Family support plays a huge role as well. While the pandemic has been challenging in and of itself, it has actually helped families identify mental health struggles as they’ve spent more time together.

“Parents gained greater insight into their child’s behavior and moods, how they interact with peers and teachers,” says Champion. “For many parents this was eye-opening and revealed the need to focus on mental health.”

It’s not always easy to tell if a teen is dealing with normal emotional ups and downs or if they need extra help, but there are some warning signs caregivers can watch for.

“Being attuned to your child’s mood, affect, school performance, and relationships with friends or significant others can help you gauge whether you are dealing with teenage normalcy or something bigger,” Champion says. Depending on a child’s age, parents should be looking for the following signs, which may be co-occurring:

  • Perpetual depressed mood
  • Rocky friend relationships
  • Spending a lot of time alone and refusing to participate in daily activities
  • Too much or not enough sleep
  • Not eating a regular diet
  • Intense fear or anxiety
  • Drug or alcohol use
  • Suicidal ideation (talking about being a burden or giving away possessions) or plans

“You know your child best. If you are unsure if your child is having a rough time or if there is something more serious going on, it is best to reach out to a counselor or doctor to be sure,” says Champion. “Always err on the side of caution.”

If it appears a student does need help, what next? Talking to a school counselor can be a good first step, since they are easily accessible and free to visit.

“Just getting students to talk about their struggles with a trusted adult is huge,” says Champion. “When I meet with students and/or their families, I work with them to help identify the issues they are facing. I listen and recommend next steps, such as referring families to mental health resources in their local areas.”

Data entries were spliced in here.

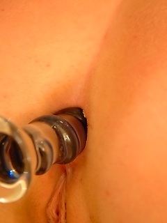 Katelynn fucks her ass with a glass toy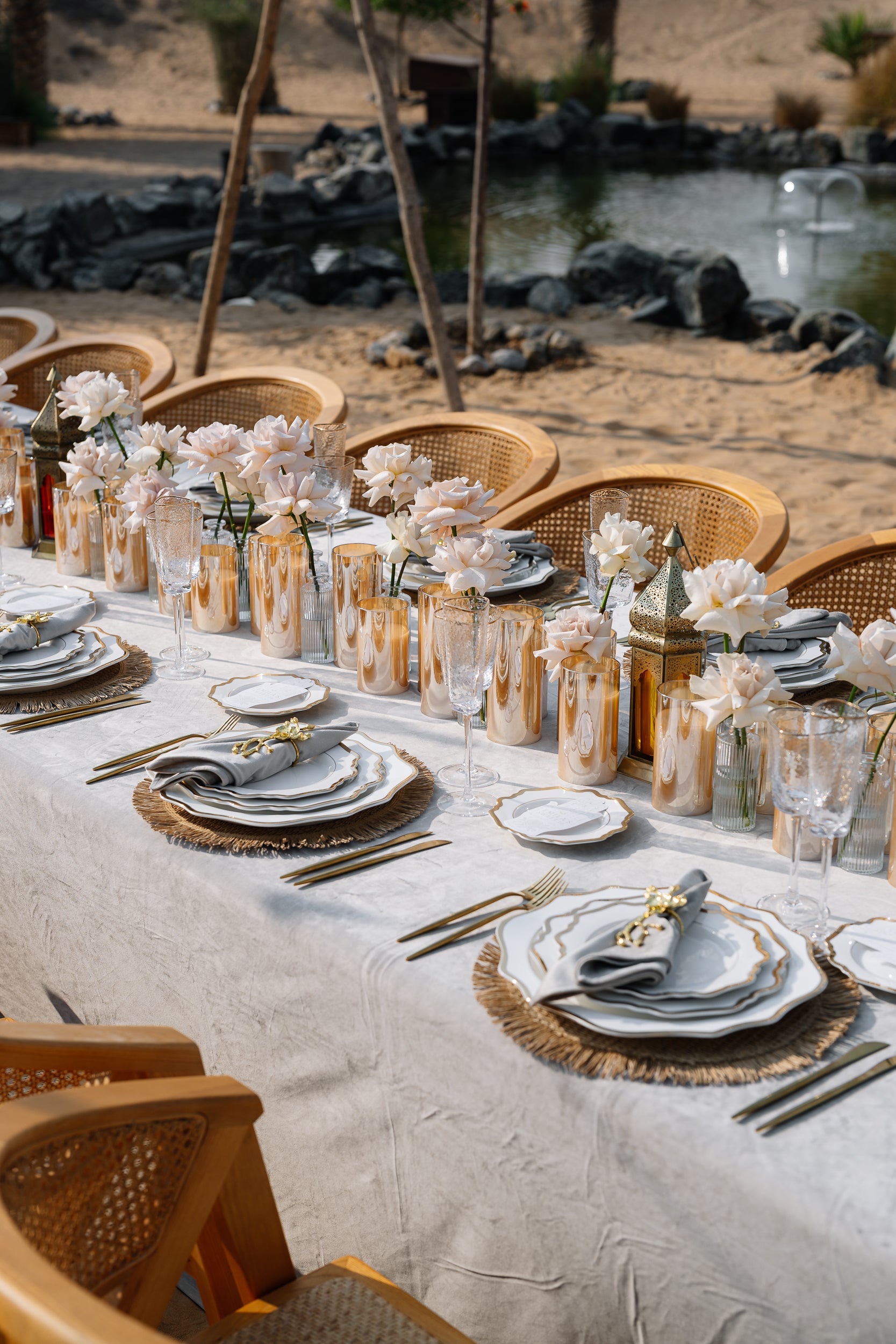 Благодаря гармоничному сочетанию цветочных акцентов, восточных деталей и эксклюзивных декоративных элементов, торжество превратилось в незабываемое событие, наполненное элегантностью, теплотой и тихой магией пустыни.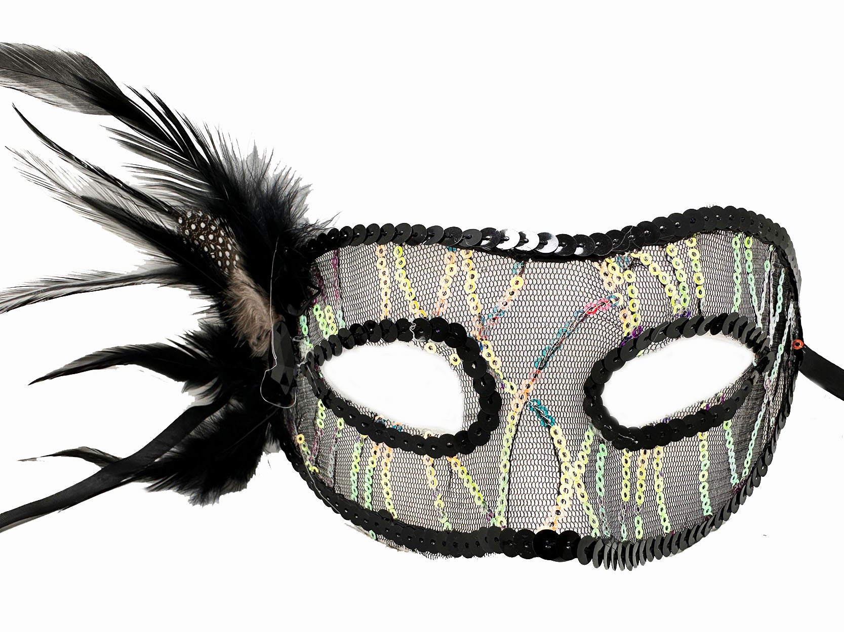 Siyah Yandan Tüylü Pul Payet Maskesi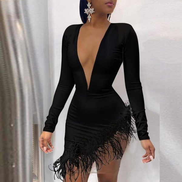 Be the first to review “Solid Deep V-Neck Feather Design Bodycon Dress”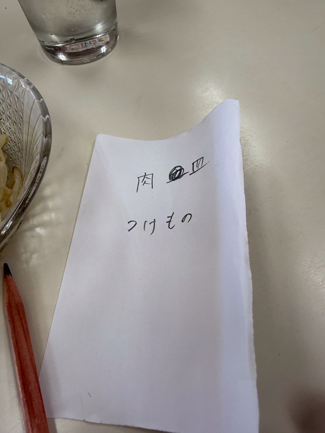 テーブルに置いてあった紙にメニューを書いて、店員さんにパス。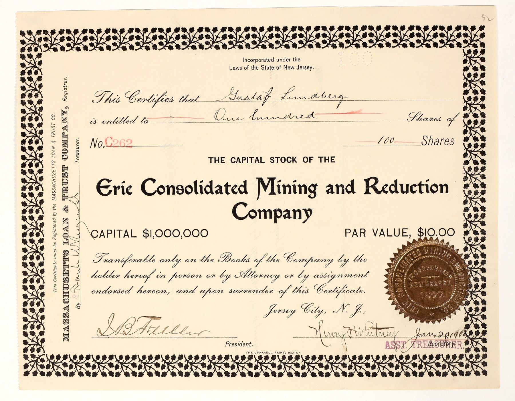 Inc. in New Jersey. No. C262, issued for 100 shares to Gustaf Lundberg in 1903(?). Signed by president Fuller and asst. treasurer Whitney. Not cancelled. Black border and print, gold seal. Folds, toning. 8 x 10.25" They operated the Merriweather and Plutus Mines 12 miles east of Wakefield, Ontonagon County, Michigan. Inc. in 1899, this was the successor to the Wahnita Mining Company. Rare.

Just as parents would take their child to a doctor for a sprained ankle, they shouldn’t be afraid to ask for help if a child is struggling mentally or emotionally. Parents also need to realize that they may not be able to help them on their own, no matter how much love and support they have to offer.

“That is a hard concept to accept when parents can feel solely responsible for their child’s welfare and well-being,” says Champion. “The adage still stands—it takes a village to raise a child. Be sure you are surrounding yourself and your child with a great support system to help tackle life’s many challenges.”

That village can include everyone from close family to local community members to public figures. Helping young people learn to manage their mental health is a gift we can all contribute to, one that will serve them for a lifetime.